- **WORK ORDER**
For the data below, restate word for word only the lines from the line containing "Se tem certeza" through the line containing "Defined by the", both ends included.

- **DATA EXTRACT**
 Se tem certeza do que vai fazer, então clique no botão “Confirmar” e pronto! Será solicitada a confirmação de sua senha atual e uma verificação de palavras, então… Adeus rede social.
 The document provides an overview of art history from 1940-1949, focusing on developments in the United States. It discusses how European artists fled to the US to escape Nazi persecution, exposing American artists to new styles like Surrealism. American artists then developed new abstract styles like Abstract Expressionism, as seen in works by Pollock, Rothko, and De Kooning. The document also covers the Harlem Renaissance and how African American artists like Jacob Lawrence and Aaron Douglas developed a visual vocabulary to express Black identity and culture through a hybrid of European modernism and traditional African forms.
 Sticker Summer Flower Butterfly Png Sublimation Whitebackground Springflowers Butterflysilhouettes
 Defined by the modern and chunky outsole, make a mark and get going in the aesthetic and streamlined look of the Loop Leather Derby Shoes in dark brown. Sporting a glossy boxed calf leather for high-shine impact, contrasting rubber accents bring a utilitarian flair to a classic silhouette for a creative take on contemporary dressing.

---

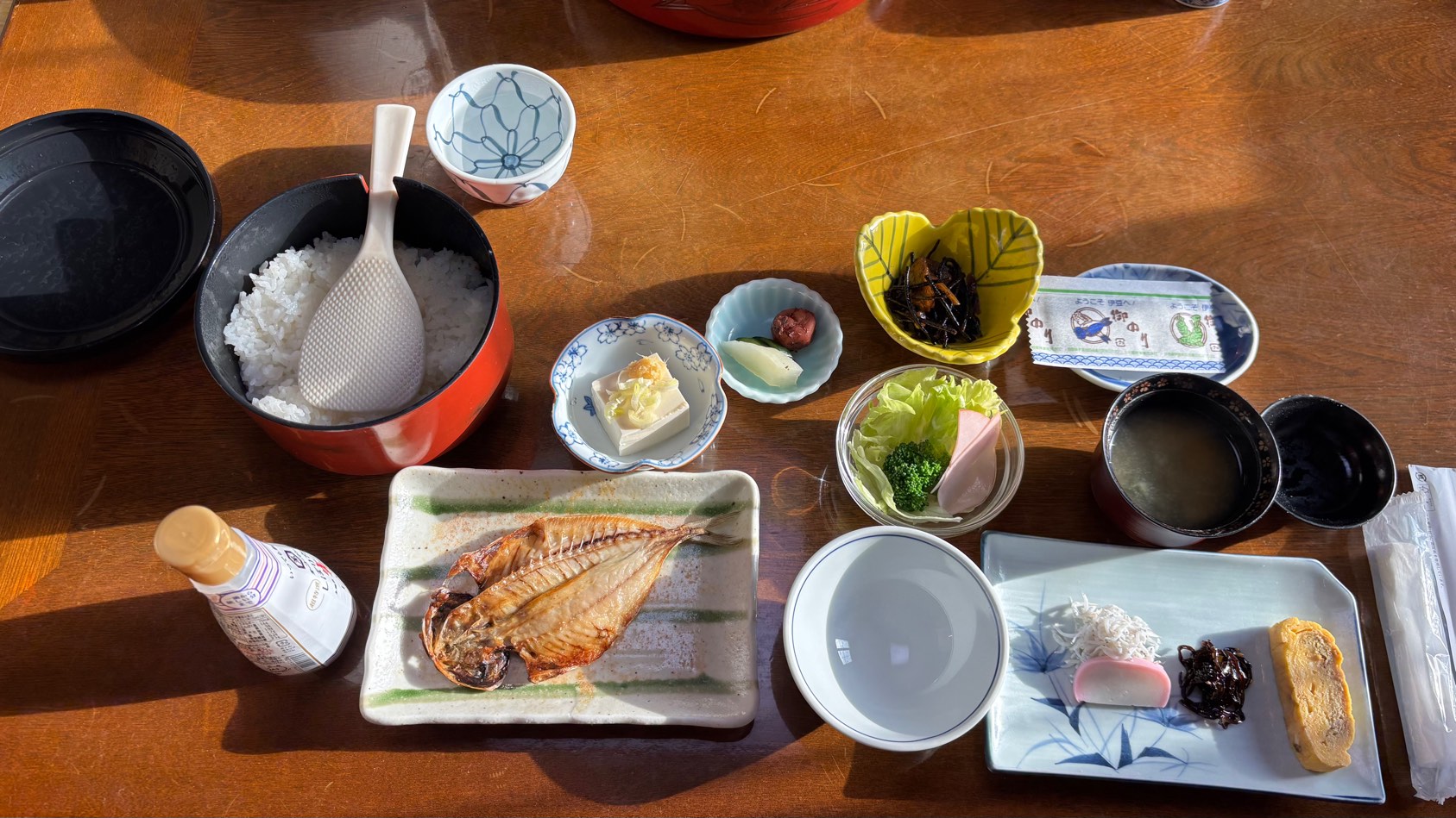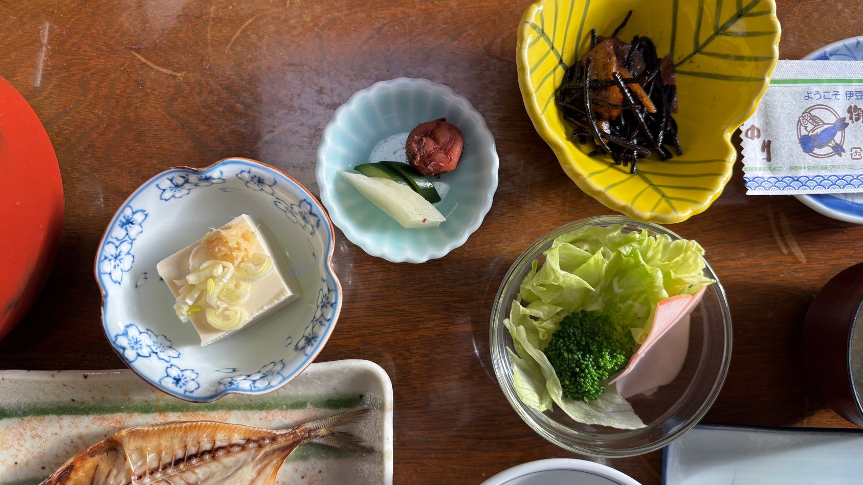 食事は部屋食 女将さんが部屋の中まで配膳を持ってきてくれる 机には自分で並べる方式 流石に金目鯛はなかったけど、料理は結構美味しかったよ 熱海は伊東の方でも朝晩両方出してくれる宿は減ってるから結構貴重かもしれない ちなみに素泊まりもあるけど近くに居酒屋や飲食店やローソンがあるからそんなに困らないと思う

- **RESULT**
 Se tem certeza do que vai fazer, então clique no botão “Confirmar” e pronto! Será solicitada a confirmação de sua senha atual e uma verificação de palavras, então… Adeus rede social.
 The document provides an overview of art history from 1940-1949, focusing on developments in the United States. It discusses how European artists fled to the US to escape Nazi persecution, exposing American artists to new styles like Surrealism. American artists then developed new abstract styles like Abstract Expressionism, as seen in works by Pollock, Rothko, and De Kooning. The document also covers the Harlem Renaissance and how African American artists like Jacob Lawrence and Aaron Douglas developed a visual vocabulary to express Black identity and culture through a hybrid of European modernism and traditional African forms.
 Sticker Summer Flower Butterfly Png Sublimation Whitebackground Springflowers Butterflysilhouettes
 Defined by the modern and chunky outsole, make a mark and get going in the aesthetic and streamlined look of the Loop Leather Derby Shoes in dark brown. Sporting a glossy boxed calf leather for high-shine impact, contrasting rubber accents bring a utilitarian flair to a classic silhouette for a creative take on contemporary dressing.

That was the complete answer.